Article
After a drug-seeking patient assaulted him, the author truly understood how vulnerable some doctors are.
Sitting alone in an exam room with a patient with a history of violence is one of the most difficult parts of my VA Medical Center practice. This was driven home for me not long ago when one of my patients, a man bigger than I am, lunged forward and curled his hands around my neck.
In my mind, I instantly ran over our academic protocol for handling this kind of situation, but dismissed it in a split second. The phone to dial the emergency code was out of reach. Worse, I was seated, and he was standing, looming over me. Cut off from the door, I had nothing that I could use for self-defense.
Five minutes earlier, I'd opened the patient's electronic health record and seen the same pop-up message that greeted me during his last several visits: "Behavior warning." I'd gotten used to the message by now and clicked past it. On this day, the patient had been five minutes late, and I was running 10 minutes behind for his 20-minute appointment.
Survival instinct trumps clinical judgment
My mind raced. Should I try to break his grip on my neck? Hit him in the gut? Aim lower, hitting him in the crotch out of desperate self-preservation? As a primary care physician, I had an arsenal of weapons to fight disease, but in the face of physical aggression, I was helpless.

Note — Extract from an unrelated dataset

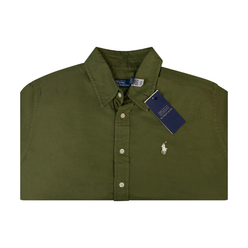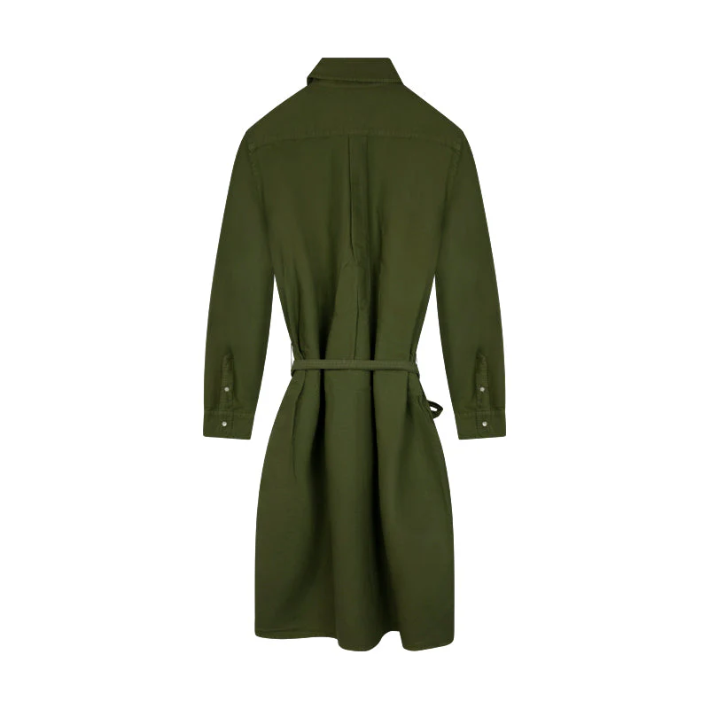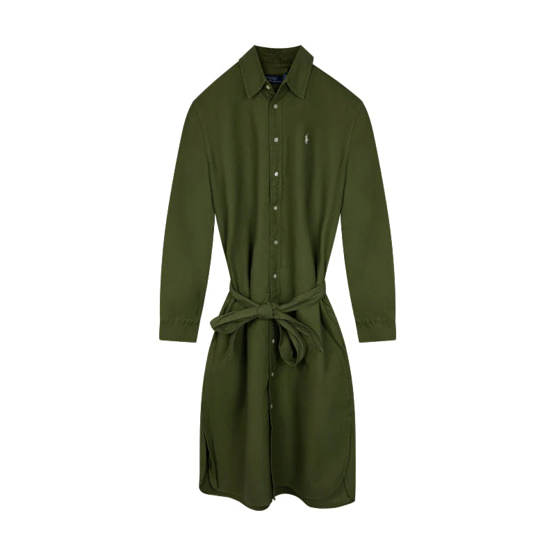 The rich olive green hue, adorned with the iconic signature Polo Pony motif, adds a touch of classic charm. An embroidered logo proudly sits at the chest, making a subtle yet stylish statement. The classic collar and front button fastening exude timeless charm, while the belted waist provides a flattering silhouette.

Then, as suddenly as he'd grabbed me, his grip relaxed, and he straightened up.
"So now you understand the position I was in, and why I did what I did." The way he pointed his finger at me still seemed threatening, but the redness in his face was fading and the beginnings of a smile crossed his lips. "And why I need you to give me more Percocets, given the shape I'm in after what I've been through." He sat down, finally, although he was still between me and the door.
As he sat, I thought, "Did he just threaten me for drugs?"
Clinical reasoning gave way to survival instinct: At this point, whether or not he was due for his colon cancer screening seemed irrelevant. What I knew-and knew clearly-was that the fastest way to get him out of the room was to give him the prescription he'd wanted all along. Hastily, I wrote a script for a few Percocets, then folded the sheet in half. With luck, he wouldn't notice how few I'd prescribed until he left my exam room.
"Take this to our pharmacy," I said, my words trailing off. He took the script, stood up again, and backed out of the room, never breaking eye contact with me.